After she flew to the UK to be with him, a man has admitted to killing a Canadian teenager he met
online.
Ashley Wadsworth, 19, paid a visit to the 23-year-old Jack Sepple and he fatally stabbed her.
On February 1, 2022, she was discovered unresponsive at a property on Tennyson Road in Chelmsford.
She died from “stab wounds to the chest” according to the inquest hearing.

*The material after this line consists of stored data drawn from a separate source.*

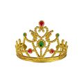 Dětská plastová korunka zdobená barevnými kamínky, ve stříbrné a zlaté barvě.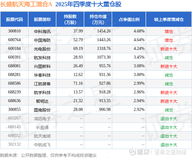 根据2025基金年报公募基金重仓股数据,重仓该股的公募基金共4家,其中持有数量最多的公募基金为长盛基金的长盛航天海工混合A。长盛航天海工混合A目前规模为2.09亿元,最新净值1.8224(3月13日),较上一交易日下跌2.58%,近一年上涨37.37%。该公募基金现任基金经理为王柄方。王柄方在任的基金产品包括:长盛转型升级主题灵活配置混合,管理时间为2022年7月22日至今,期间收益率为-33.76%;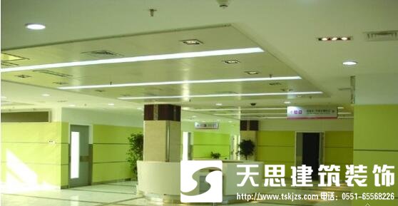 病房——橡膠地板。衛(wèi)生間、開水間、消防梯及通道——地磚。門診樓、行政辦公、科教室——防滑地磚。科研、檢驗(yàn)——防靜電地板、防腐蝕地磚。天花,除門診大廳、電梯廳、過廳等公共空間外,可采用半隱式輕鋼龍骨防水石膏板吊頂。墻面——殺菌彩色乳膠漆。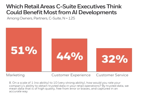 Podobne priorytety wskazuje także kadra kierownicza wyższego szczebla. Największy potencjał sztucznej inteligencji dostrzegają oni w marketingu (51%), na drugim miejscu w doświadczeniu klienta (44%), a na trzecim w obsłudze klienta (32%).
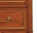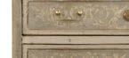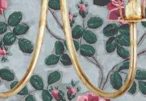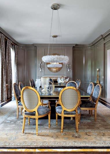 Woolery also searched for a middle ground when marrying the traditional furniture style the homeowners love with lively bursts of color and pattern. “My passion is finding things that will stand the test of time without appearing dated,” she says. “I’m also not afraid to go for it with color. I grew up when chintz was popular and prints were bright and vibrant, and I still gravitate toward that.” The designer’s penchant for decorative motifs is evident in the dining room, which features a glossy white ceiling and custom, hand-painted wallpaper panels shimmering with tints of rose gold. These selections provide a fresh context for the 19th-century sideboard, mirror and chandelier, as well as a vintage pedestal table “that could have been in your grandmother’s house,” Woolery notes with a laugh.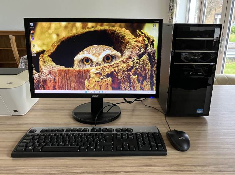 Advent Windows 11 Computer PC with 22 inch LED widescreen monitor, SSD drive, WiFi and free printer

Sepple was taken into custody on the spot and later accused of killing Miss Wadsworth.
Today, September 7, he admitted the charge at Chelmsford Crown Court in Essex.
Ms. Wadsworth had traveled on a six-month tourist visa from Vernon, British Columbia.
When she first arrived in the United Kingdom in November of last year, her great aunt Tova Wadsworth
said that she was on the “trip of a lifetime”.
During today’s brief hearing, Sepple’s attorney claimed that a psychiatrist had advised the defendant to
enter a plea.
Sepple, standing in the secure dock wearing a long white sleeved top and sporting tattoos on his face
and hand, responded as the court clerk read the single murder charge: “I’m to blame.”
Sepple was told by Judge Christopher Morgan: “There is only one possible punishment for your guilty
plea to murder, and that is a life sentence”.
He remanded the defendant in custody until an administratively determined date for his sentencing.
Similar incidents have occurred, and it looks like they won’t stop anytime soon. According to information
provided by other news organizations, Sapple is currently being held by the police and will be subject to
the appropriate punishment once his trial is concluded.